A review: Lamb: the Gospel According to Biff, Christ’s Childhood Pal, by Christopher Moore



This book is sure to offend. Lamb is one of the most outrageous “Jesus” books you will ever read.

It contains all manner of “adult” themes: graphic sexual passages, brutal violence, frightening political scenes, and so forth. This book is also laugh-out-loud-and-weep funny, and presents Jesus as a friend you would like to have known in his youth.

Christopher Moore’s insightful and creative look into the life of Jesus has become one of my “top ten all-time favorites” in the fiction category. Lamb is precisely that: FICTION. It is by turns historically accurate and anachronistic, biblically reliable and remarkably imaginative, and always a rollicking ride.

The premise of the book: two thousand years after Jesus’ crucifixion, his best friend from childhood, a man named Levi, called “Biff,” has been brought back to life in order to tell the story of Jesus as only his closest companion would know it. He ends up in the United States in the late twentieth century, being watched over by the angel Raziel in a hotel room. While Raziel watches daytime television with nearly unparalled obsessiveness, Biff writes his Gospel.

According to Biff, the untold years of Jesus’ boyhood and young adulthood were rich with adventures and filled with insights into the person and the character of the Messiah. Through Moore’s astonishing imagination and keen sense of Jesus (here called Joshua), the reader encounters the Messiah as a young man who is searching for his way in the world, deciphering his unusual vocation, and always bearing God’s heart of love and compassion for the world.

The book opens on the first day that Biff met Joshua. They were six years old, with Joshua (“the man who would save the world”) busy bringing a lizard back to life, again and again, after his little brother “smote it mightily” with a rock. This opening scene speaks clearly about the Jesus portrayed in this story: one whose very nature it is to bring life and healing and mercy to those around him.

In one particularly marvelous scene, for instance, Biff and Joshua find themselves in a market in Antioch. Joshua decides to practice his healing skills on the unsuspecting crowd, and ends up running haphazardly through the throng of people, healing them as he goes, and finding extraordinary joy in the experience.

“Joshua was bumping people in the crowd as he passed, seemingly on purpose, and murmuring just loud enough so I could hear him each time he hit someone with a shoulder or an elbow. ‘Healed that guy. Healed her. Stopped her suffering. Healed him. Comforted him. Ooo, that guy was just stinky. Healed her. Whoops, missed. Healed. Healed. Comforted. Calmed.'”

When Biff admonishes Joshua to stop this behavior due to the risk of his being found out, Joshua replies with a mixture of bliss and helplessness: “But I love these people,” Josh said.

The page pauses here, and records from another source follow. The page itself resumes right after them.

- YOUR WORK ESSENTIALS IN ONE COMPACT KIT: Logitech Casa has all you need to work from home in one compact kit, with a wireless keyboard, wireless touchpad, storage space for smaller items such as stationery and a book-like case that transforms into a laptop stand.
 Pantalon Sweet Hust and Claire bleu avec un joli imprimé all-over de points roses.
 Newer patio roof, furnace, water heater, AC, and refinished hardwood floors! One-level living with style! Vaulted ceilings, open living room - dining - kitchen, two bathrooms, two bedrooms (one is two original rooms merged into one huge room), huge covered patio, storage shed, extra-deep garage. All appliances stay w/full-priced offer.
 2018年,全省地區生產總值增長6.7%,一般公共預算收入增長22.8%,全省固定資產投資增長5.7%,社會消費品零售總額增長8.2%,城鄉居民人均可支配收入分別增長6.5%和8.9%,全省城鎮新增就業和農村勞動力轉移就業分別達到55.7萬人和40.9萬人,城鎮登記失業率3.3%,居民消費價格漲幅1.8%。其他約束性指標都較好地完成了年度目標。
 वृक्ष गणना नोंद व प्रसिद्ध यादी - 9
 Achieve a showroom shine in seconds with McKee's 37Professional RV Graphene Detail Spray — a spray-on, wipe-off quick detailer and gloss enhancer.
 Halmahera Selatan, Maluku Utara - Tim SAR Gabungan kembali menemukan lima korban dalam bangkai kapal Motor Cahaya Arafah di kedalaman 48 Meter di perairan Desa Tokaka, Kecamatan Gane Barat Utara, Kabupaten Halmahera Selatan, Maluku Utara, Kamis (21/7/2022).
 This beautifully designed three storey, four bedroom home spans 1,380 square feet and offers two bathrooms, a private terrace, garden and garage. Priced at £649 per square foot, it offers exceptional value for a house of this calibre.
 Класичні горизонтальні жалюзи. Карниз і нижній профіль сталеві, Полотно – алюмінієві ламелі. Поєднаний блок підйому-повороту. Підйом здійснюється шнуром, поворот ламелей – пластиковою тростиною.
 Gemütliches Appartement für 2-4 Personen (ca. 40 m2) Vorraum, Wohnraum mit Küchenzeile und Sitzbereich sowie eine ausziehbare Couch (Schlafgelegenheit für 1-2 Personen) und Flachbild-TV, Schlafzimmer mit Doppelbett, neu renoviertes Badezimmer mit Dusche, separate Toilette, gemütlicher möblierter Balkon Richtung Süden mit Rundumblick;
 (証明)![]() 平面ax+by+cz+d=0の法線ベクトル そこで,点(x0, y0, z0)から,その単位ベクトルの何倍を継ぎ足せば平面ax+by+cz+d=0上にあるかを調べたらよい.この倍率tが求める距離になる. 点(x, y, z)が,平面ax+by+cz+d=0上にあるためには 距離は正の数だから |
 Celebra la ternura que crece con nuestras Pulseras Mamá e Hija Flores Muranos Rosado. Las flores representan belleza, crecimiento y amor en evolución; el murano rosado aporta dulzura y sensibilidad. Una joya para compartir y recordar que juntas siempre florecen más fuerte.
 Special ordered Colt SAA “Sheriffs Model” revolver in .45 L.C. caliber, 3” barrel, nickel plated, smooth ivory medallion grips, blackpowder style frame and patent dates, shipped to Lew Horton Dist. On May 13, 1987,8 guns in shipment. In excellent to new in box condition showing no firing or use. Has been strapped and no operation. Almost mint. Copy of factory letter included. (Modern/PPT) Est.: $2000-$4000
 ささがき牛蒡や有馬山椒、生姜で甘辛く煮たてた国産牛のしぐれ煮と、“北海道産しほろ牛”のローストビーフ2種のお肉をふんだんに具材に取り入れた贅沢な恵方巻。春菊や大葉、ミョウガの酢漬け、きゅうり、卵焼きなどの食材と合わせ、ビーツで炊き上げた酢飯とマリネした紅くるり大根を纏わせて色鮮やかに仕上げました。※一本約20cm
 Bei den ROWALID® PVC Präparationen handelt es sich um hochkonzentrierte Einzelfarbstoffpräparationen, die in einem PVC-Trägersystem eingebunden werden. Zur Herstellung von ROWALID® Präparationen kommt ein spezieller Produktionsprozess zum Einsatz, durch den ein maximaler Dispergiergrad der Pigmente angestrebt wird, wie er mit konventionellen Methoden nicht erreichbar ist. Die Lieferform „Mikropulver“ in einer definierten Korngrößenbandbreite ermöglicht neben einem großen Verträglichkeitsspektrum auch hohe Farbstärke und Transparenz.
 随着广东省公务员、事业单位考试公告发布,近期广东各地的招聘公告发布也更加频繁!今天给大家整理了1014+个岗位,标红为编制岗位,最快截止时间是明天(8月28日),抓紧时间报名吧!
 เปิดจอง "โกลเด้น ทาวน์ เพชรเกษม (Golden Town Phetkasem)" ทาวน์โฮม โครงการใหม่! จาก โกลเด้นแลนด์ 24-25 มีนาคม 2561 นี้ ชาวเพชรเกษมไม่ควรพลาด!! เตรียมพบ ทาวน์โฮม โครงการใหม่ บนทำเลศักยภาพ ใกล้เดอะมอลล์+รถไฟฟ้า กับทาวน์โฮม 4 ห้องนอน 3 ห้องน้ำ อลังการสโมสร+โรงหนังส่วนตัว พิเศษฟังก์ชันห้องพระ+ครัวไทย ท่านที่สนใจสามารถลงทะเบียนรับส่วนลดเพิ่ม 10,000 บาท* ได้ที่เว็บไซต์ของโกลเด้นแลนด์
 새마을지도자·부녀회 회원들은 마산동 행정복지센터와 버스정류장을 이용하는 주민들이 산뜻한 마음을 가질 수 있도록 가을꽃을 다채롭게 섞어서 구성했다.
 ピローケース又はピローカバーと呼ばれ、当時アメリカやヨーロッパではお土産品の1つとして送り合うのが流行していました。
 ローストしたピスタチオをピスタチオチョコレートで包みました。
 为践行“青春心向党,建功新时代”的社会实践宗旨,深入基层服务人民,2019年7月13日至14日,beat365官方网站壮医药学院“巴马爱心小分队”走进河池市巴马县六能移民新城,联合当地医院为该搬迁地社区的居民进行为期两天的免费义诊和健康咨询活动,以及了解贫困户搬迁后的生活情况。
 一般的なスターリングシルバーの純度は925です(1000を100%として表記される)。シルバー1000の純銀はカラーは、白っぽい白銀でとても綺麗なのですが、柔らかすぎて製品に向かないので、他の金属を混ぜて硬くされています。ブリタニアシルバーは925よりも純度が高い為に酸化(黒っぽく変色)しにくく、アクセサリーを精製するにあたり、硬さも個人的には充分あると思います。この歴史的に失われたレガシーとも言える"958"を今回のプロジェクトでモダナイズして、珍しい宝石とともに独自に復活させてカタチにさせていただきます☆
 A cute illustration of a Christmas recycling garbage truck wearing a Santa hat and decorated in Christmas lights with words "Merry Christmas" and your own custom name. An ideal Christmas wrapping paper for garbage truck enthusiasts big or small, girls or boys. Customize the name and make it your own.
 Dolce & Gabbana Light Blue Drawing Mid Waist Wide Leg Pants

And therein lies Moore’s best insight into the heart of God, embodied in the person of the Messiah. Whenever there is a moment of doubt, Joshua errs on the side of compassion and empathy; it is simply his nature to do so. This occurs again in two very troubling passages in which horrific violence leads to rampant death. In the face of the brutality of the world, Joshua heals people, saves children from the carnage of sacrificial death, and screams out, “No more!” In his love for the world, Joshua simply cannot bear to see suffering, and ultimately decides that he must take it on himself.

A large portion of the book contains stories of the adventures which Biff and Joshua have while visiting the three wise men who, according to tradition, were the first gentiles to see the baby Jesus in Bethlehem. According to Lamb, Gaspar, Melchior, and Balthasar are all sages of their various spiritual traditions. From each of them Joshua garners skills and talents and insights which he later incorporates into his public ministry in Galilee.

The book ends with a couple of rather shocking surprises, one at the time of Jesus’ crucifixion, and another two thousand years later. So as not to spoil the conclusion, allow this to suffice: Moore’s astonishing creativity applies even to areas which are difficult and distasteful, not just to the clever or off-colored.

I cannot recommend this book to my confirmation students or to members of my parish for whom some portions of the content might present a “stumbling block” for faith. For adult readers who are not afraid to re-think Jesus as a person, however, or for those whose only religious imagination has been molded by a dull piety, I recommend this book highly. Ultimately, this is a book of faith. In the scene in which Joshua and Biff are departing from Melchior’s house, for instance, the wise man makes his bold confession: “We were seekers. You are that which is sought, Joshua. You are the source. The end is divinity, in the beginning is the word. You are the word.”